Mientras tanto, aquí y ahora, en el contexto de la interminable lucha por la hegemonía —y confirmando que, así como Gramsci estudió la Iglesia Católica para formular algunas de sus teorías, la derecha ha hecho una lectura escrupulosa de Gramsci para diseñar su estrategia—, la CEOcracia macrista certifica con su dinámica la tesis gramsciana del Estado ampliado; lo hace descaradamente con los negocios de cada día que, según la metáfora, se consuman saltando de un lado al otro del mostrador. Es que para el revolucionario sardo, en Occidente no hay mostrador: el Estado hunde sus raíces en la sociedad civil, que constituye la “trama privada” de aquel; punto este de partida para una contundente crítica de la teoría liberal de las relaciones Estado-sociedad civil, dado que en el control y dirección de esta radica la base del poder estatal que se ejerce sobre todas las clases sociales.
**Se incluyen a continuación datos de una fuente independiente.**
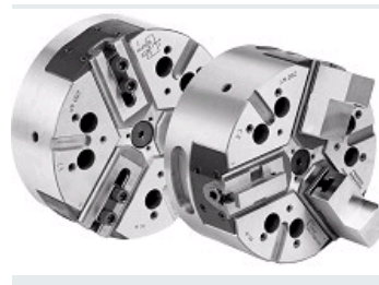
HIGH PRECISION SEALED POWER CHUCKS
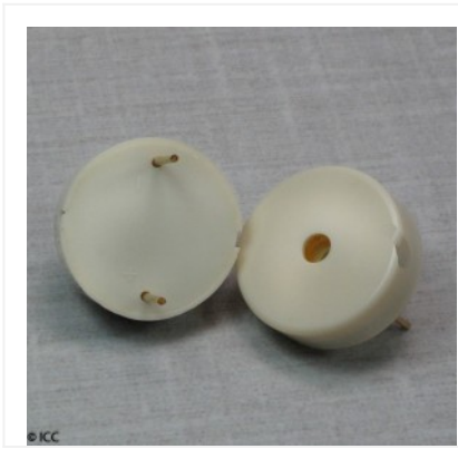
EXTERNAL DRIVE PIEZO ELECTRIC
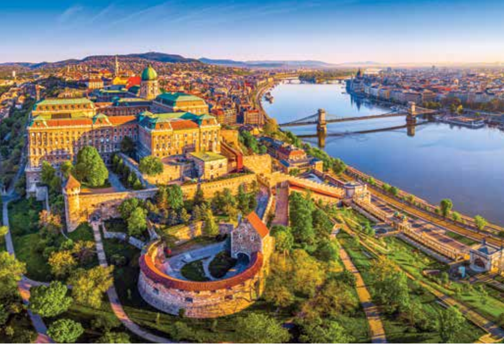
Királyi Palota or the Royal Palace is a historic castle-and-palace complex atop Castle hill on the Buda side, hence it is also referred to as Buda Castle.

west wing (F) is home to the Országos Széchényi Könyvtár (National Széchényi Library), which has a copy of more than two million volumes—everything ever published in the Hungarian language—along with well-preserved medieval codices, manuscripts, and even a sound library. ☒ Szent György tér 2, Castle District 🌐 budavar.hu 📧 Grounds free. Exhibition prices vary; see individual listings 🚶 M2: Déli pályaudvar.
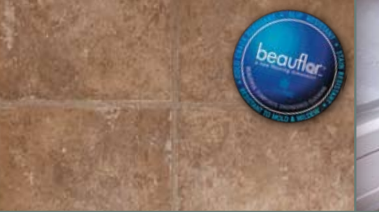
All Sunset Creek coaches have standard "Beauflor" - a new flooring dimension. It is resistant to mold & mildew, cold cracking, slipping and stains. The surface is an engineered composite that is also highly resistant to tears, rips and gouges. The best of all worlds in a Sunset Creek!
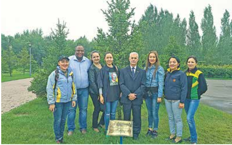
Embassy of South Africa in Kazakhstan staff.
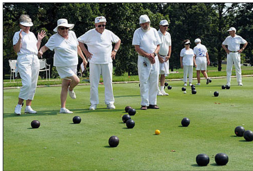
A photo from way back. Can you identify any players.
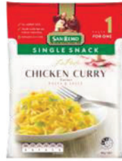
CHICKEN CURRY PACKING: 12 x 80g
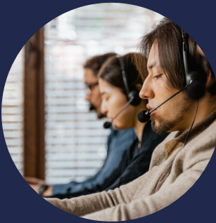
911 call centre
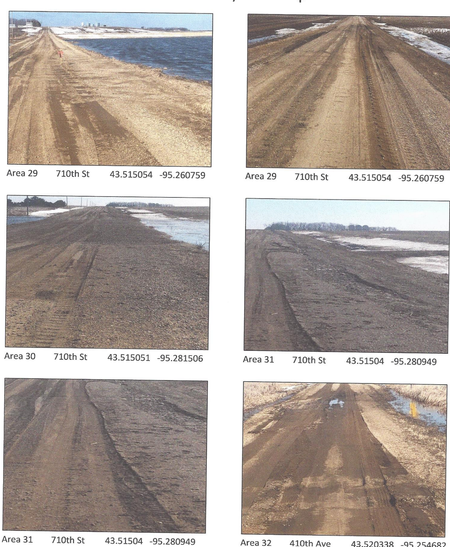
Page | 8

Que la estrategia de largo plazo de los sectores dominantes se ha basado en estos postulados está confirmado por los hechos: la última dictadura fortaleció la parte de la sociedad civil que por definición les es propia al favorecer la concentración del poder económico con la conformación de los denominados Grupos Económicos Locales, y destruir o subordinar importantes organizaciones de la parte de la sociedad civil controlada por los sectores populares; el menemismo continuó la tarea con el proceso de privatizaciones, favorecido por la burocracia sindical; y el macrismo con el impulso a la concentración de las corporaciones de medios de comunicación, el debilitamiento de los organismos de control del Estado, la censura, y la instrumentalización de sectores del Poder judicial para perseguir opositores.
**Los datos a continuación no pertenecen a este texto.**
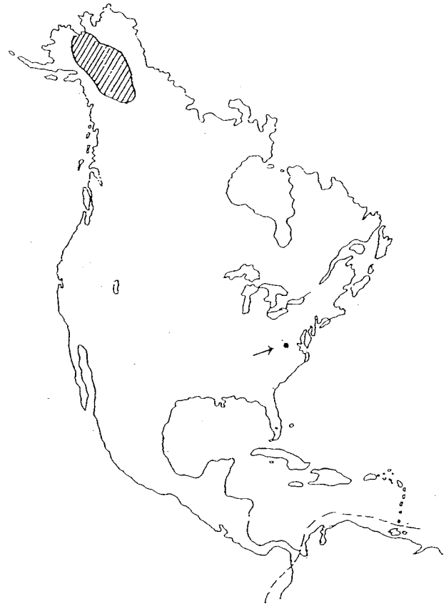
Fig. 2. Outline map of North America, showing primary range of Escaryus ethopus in Canada and Alaska (shaded), and location of site in the Virginia Blue Ridge (arrow).

Heretofore this species has been recorded only from Alaska and Yukon Territory, Canada (Pereira & Hoffman, 1993, Map 1). Although widely disjunct distributions between the Appalachians and western North America have long been known, they have been almost invariably at the generic level. The present case involves a separation of more than 2600 mi/4160 km and displacement far to the south from the subarctic primary area (Fig. 2). Fragmentation of a once continuous North American range may be invoked as the only plausible explanation; the existence of other small disjunct populations may be reasonably assumed.
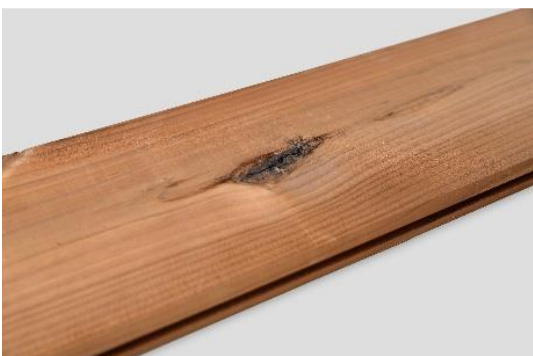
Individual small scars and pockets are allowed.
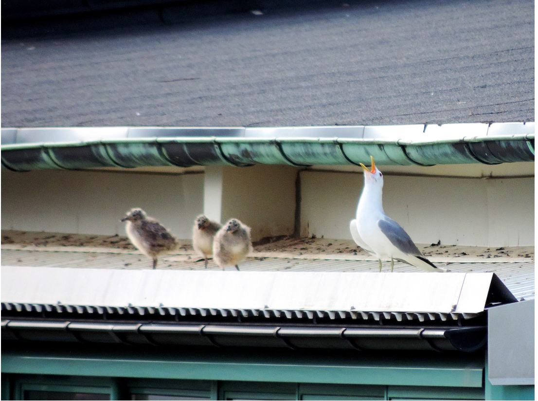
FIGURE 2. Three chicks and one parent of Mew Gull Larus canus at Nest 1 (see Figure 1) on the roof of a balcony of one of the buildings.

— Tre fiskmåsar Larus canus och en förälder vid bo 1 (se figur 1) på ett balkongtak på en av byggnaderna.
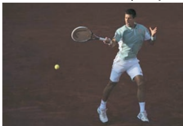
Novak Djokovic of Serbia hits a return to Grigor Dimitrov of Bulgaria during their men's singles match at the French Open tennis tournament at the Roland Garros stadium in Paris on 1 June, 2013.—REUTERS

Perhaps the only concern during an emphatic display was an injury timeout in the third set, when the trainer was called on court to massage a problematic shoulder. That was overshadowed, however, with the news that followed. It was the second time Djokovic had found out about the death of someone close to him in the middle of a tournament.—Reuters
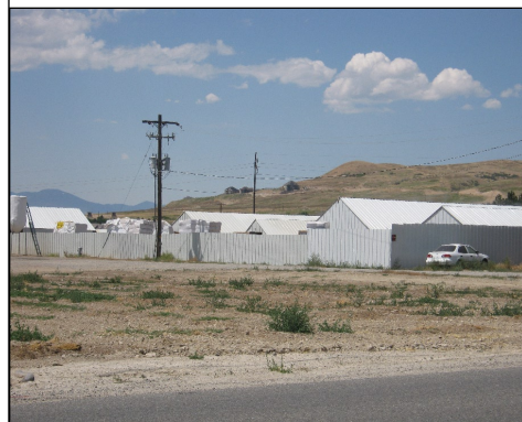
DANE DIXON MINK RANCH LEHI, UT
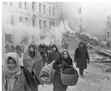
Soviet civilians leave their destroyed houses after a bombardment by the German Army during the battle for Leningrad, 10 December 1942

the Russians, defeat the West and, after its defeat, gather my forces to fight the Soviet Union. I need Ukraine to ensure that we will not be starved again as we were during the last war.” From the perspective of the aggressors, the “Eastern Lebensraum” Hitler had vaguely alluded to as a distant ideological goal in “Mein Kampf” – the conquest of the Soviet Union up to the Urals and the accompanying expulsion, enslavement, and murder of the local populace – had become an “urgent necessity of war” by the spring of 1941.
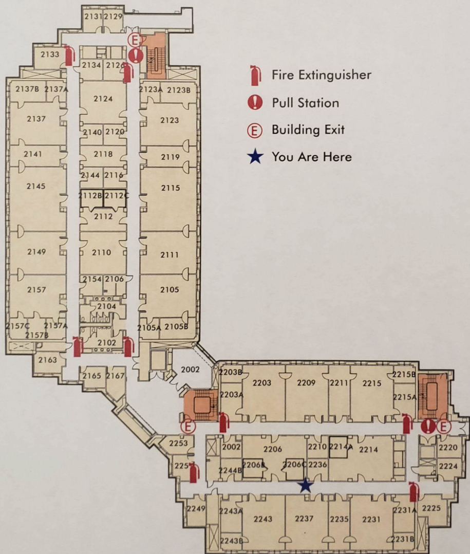
LIFE SCIENCES SECOND FLOOR

Ante esta situación el proyecto político de los sectores populares, para ganar elecciones pero sobre todo para apostar a la victoria en la disputa por la hegemonía, deberá salirse de la lógica tramposa con que los acecha la ideología dominante. No se puede ganar la guerra a partir de concepciones propias del enemigo y menos adoptando excluyentemente técnicas que deben ser complementarias y en cuyo manejo aquél ha alcanzado un alto rendimiento; en particular, la batalla política principal no consiste en interpelar a los ciudadanos en abstracto, en su condición de individuos, que —como se deduce de lo dicho hasta aquí— es el último paso, no el primero, del dominio de la sociedad civil que hoy detentan los sectores dominantes. No es necesario aclarar que la paradoja es aparente, por aquello de haz lo que digo mas no lo que hago.
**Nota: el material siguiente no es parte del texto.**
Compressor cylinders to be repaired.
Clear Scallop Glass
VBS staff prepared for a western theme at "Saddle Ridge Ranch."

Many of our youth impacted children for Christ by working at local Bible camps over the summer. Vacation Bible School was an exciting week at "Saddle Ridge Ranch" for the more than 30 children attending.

El kirchnerismo debe poner sus reconocidas credenciales de identificación con la causa popular y su gravitante potencia social al servicio de la madre de todas las tareas políticas, que consiste en participar y promover el ordenamiento de los sectores populares en espacios colectivos, existentes —como organizaciones del movimiento obrero— o no, hasta lograr una amalgama que no confunda la lucha estratégica con la reivindicativa de corto plazo, que tiende a fragmentar en función de los intereses particulares. Este es el camino para llegar a la constitución del sujeto histórico que motorizará y consolidará transformaciones estructurales progresivas.